### Exercise brief
In the entries below, some lines hold the string "Figura"; please say how many, giving the number and nothing else.

### Listed entries
════════════════

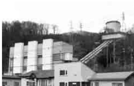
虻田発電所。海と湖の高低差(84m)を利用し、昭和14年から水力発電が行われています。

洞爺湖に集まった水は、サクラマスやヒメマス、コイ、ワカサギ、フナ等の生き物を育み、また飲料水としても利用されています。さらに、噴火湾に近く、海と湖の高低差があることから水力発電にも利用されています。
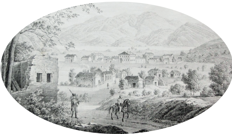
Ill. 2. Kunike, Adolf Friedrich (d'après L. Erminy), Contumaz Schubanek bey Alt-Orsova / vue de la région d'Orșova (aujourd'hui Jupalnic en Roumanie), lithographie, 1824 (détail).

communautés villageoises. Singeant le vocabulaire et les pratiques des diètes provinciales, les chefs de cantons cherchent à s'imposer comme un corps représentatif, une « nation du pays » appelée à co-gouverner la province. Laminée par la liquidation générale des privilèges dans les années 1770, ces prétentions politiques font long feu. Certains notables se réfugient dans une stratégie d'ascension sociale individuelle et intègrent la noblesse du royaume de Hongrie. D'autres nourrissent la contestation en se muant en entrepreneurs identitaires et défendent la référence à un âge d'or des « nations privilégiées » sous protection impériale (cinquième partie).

════════════════

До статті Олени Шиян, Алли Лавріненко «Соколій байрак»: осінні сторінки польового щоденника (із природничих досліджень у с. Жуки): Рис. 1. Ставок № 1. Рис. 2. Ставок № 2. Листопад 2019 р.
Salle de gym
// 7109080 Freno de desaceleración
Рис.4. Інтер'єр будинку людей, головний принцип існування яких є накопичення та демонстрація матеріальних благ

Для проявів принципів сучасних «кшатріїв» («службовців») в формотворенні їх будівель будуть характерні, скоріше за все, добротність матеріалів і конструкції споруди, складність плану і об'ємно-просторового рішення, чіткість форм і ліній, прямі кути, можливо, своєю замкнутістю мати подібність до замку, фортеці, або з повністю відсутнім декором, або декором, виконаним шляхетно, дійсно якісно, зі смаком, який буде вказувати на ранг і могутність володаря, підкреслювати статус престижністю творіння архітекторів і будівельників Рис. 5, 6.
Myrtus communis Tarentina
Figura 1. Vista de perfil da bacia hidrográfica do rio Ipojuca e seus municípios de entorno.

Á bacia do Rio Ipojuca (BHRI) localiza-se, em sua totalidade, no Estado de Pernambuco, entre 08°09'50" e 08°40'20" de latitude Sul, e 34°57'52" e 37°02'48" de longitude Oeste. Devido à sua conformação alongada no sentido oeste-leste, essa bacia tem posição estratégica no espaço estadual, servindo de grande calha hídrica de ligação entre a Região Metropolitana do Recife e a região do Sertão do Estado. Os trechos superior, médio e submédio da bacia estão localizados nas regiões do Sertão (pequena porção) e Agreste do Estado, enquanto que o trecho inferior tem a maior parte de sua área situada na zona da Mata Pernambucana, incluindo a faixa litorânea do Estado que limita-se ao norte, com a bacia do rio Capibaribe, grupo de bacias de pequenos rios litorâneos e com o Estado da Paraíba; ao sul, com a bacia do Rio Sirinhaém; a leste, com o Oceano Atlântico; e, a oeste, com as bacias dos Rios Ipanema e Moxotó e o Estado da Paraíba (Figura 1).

════════════════

### Written answer
2